Each day, we feel–and we feel a lot: some research suggests we may feel at least some emotion 90% of the time. Yet, we don’t always deal with our emotions well–we still get angry at our coworkers, we feel disappointed when our hopes aren’t realized, and discouraged when we are rejected. Public discourse is filled with the prevalence of loneliness, depression, and anxiety, that, despite increasing efforts to combat, seem to only be getting worse.
In short, managing the many emotions we might experience in day-to-day life can be difficult. How then can we approach those emotions in a way that is useful and promotes well-being?
Many useful emotion regulation strategies have been identified by researchers, but these have historically been studied one or two at a time, in controlled and contrived environments. The first step to understanding what works in the real world is to understand what people are doing in the real world. We have begun to dig into this, and have found something that surprised us.
It turns out that regulating emotions in daily life can be much more complex than we previously realized. People often use many strategies together to regulate emotion: in our research, on average 4 strategies at a time, and in past research, 7 strategies at a time. This observation–and the potential different combinations people can come up with and use in different ways in different situations–speaks to immense complexity of regulating in daily life that we are just beginning to understand.

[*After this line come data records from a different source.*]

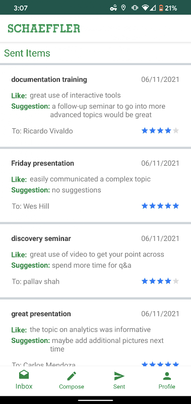 The intended audience of this app are Schaeffler Group employees to provide constructive feedback for specific events, meetings and workshops . The participants/Organizers will receive this feedbacks privately (one-to-one) with the purpose of enhancing their skills.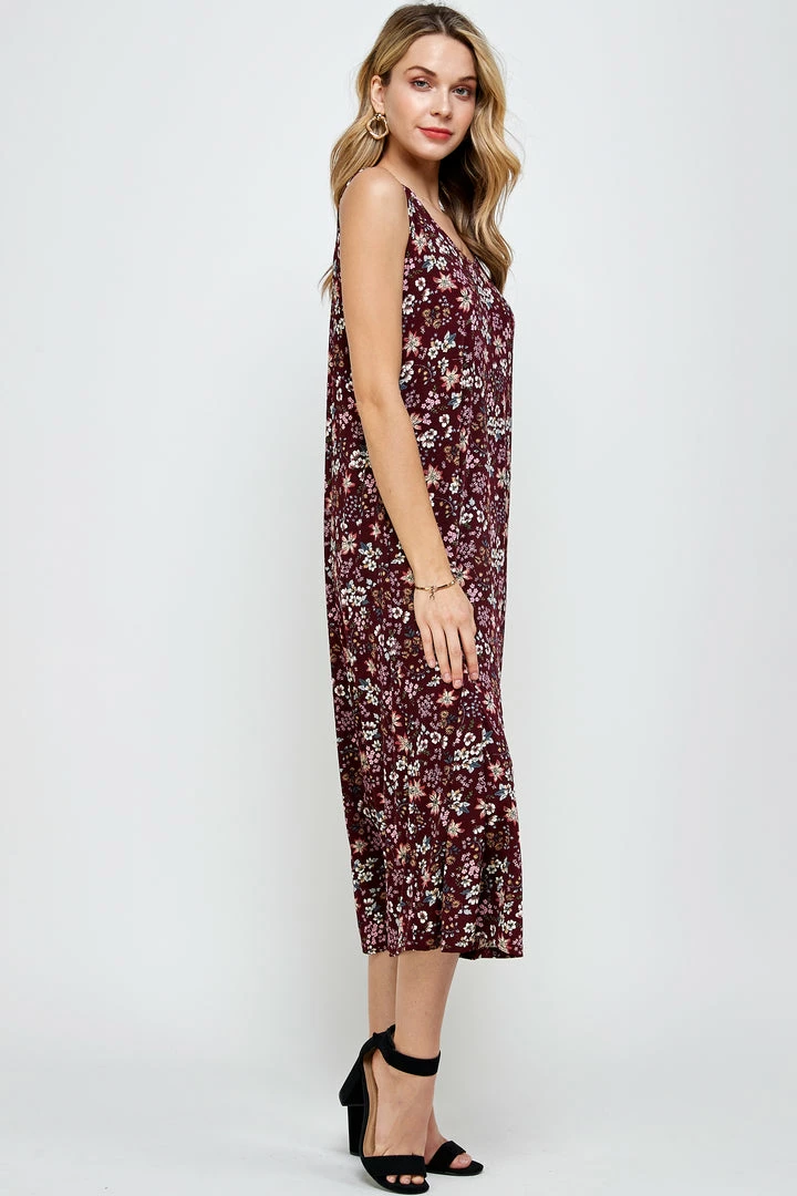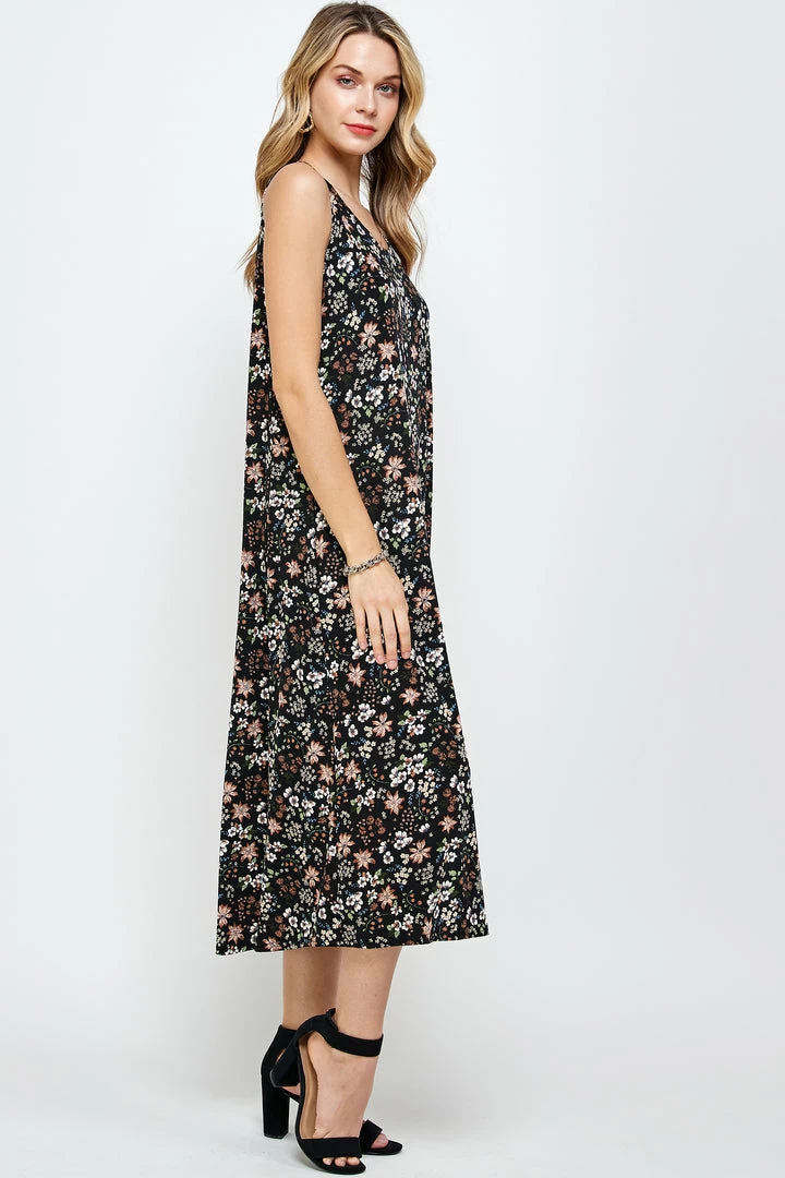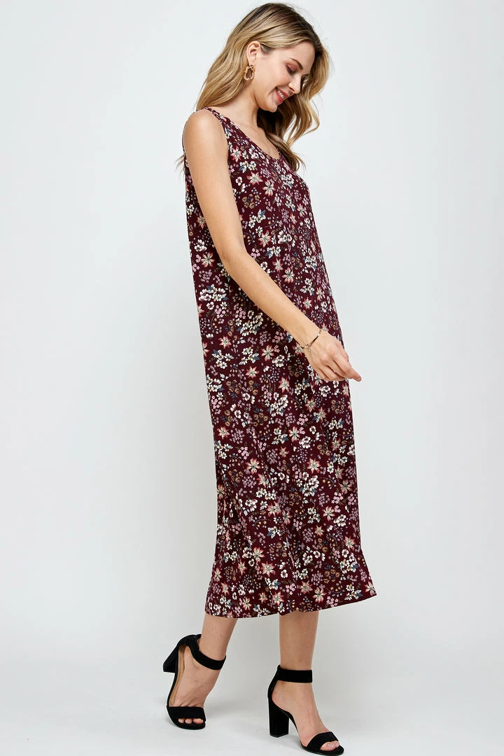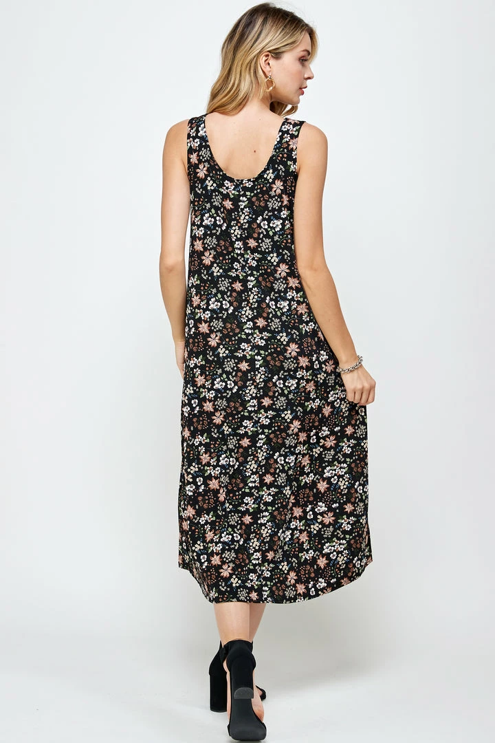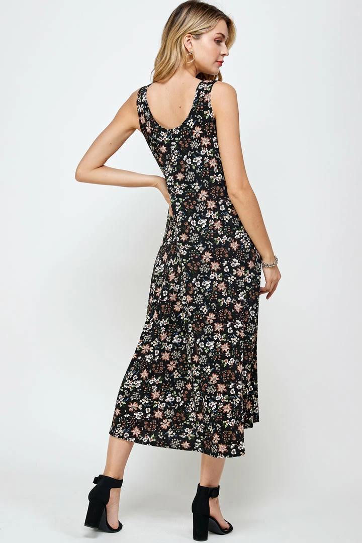 - Sleeveless and soft round-neckline long dress with a variety of prints available and 51 inches in length.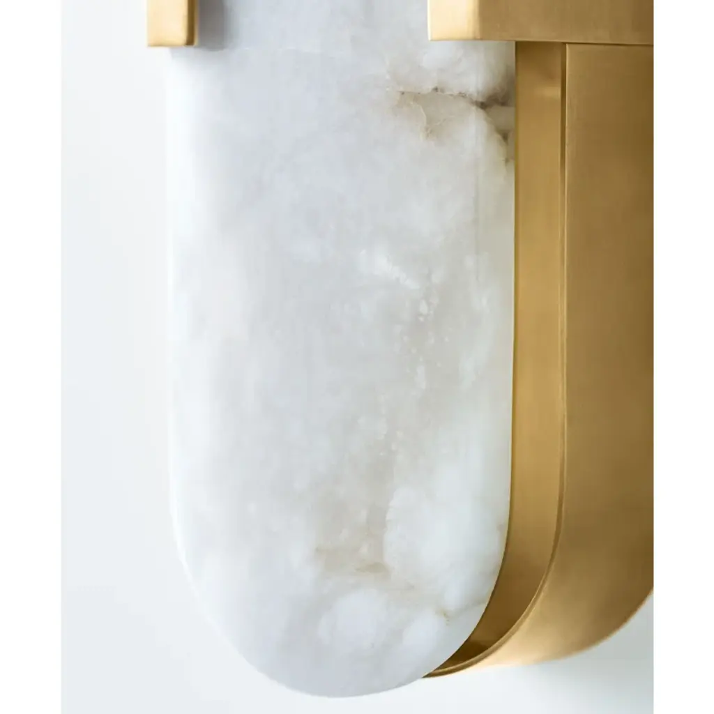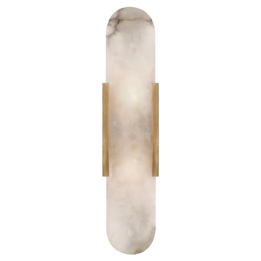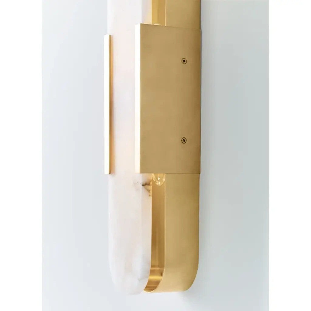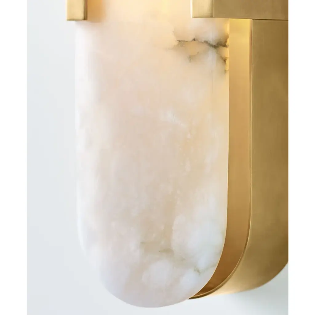 The incredibly unique design of this sconce takes inspiration from a pearl, sling-shaped pendant necklace. The teardrop silhouette is crafted from antique brass iron that showcases an opal glass globe, which sits in the frame. A matching glass and antique brass iron backplate with an opal glass accent create cohesiveness throughout. Consider multiples for a more dramatic lightscape. Damp-rated, although limited covered outdoor areas may affect the finish.

On top of that, there’s good evidence that even the same strategies may operate differently in different situations, working in some situations but not in others.
In our current work, we are trying to get a sense of what real world regulation looks like, and when it works, for whom. In one study, we documented the diversity of tools people used from day to day to deal with their emotions and identified underlying features of combinations of strategies, rather than single strategies, that predicted effective regulation. In subsequent work, we are expanding on these findings to use novel ways to measure, model, and understand patterns of strategy use and efficacy in the complexity of everyday life.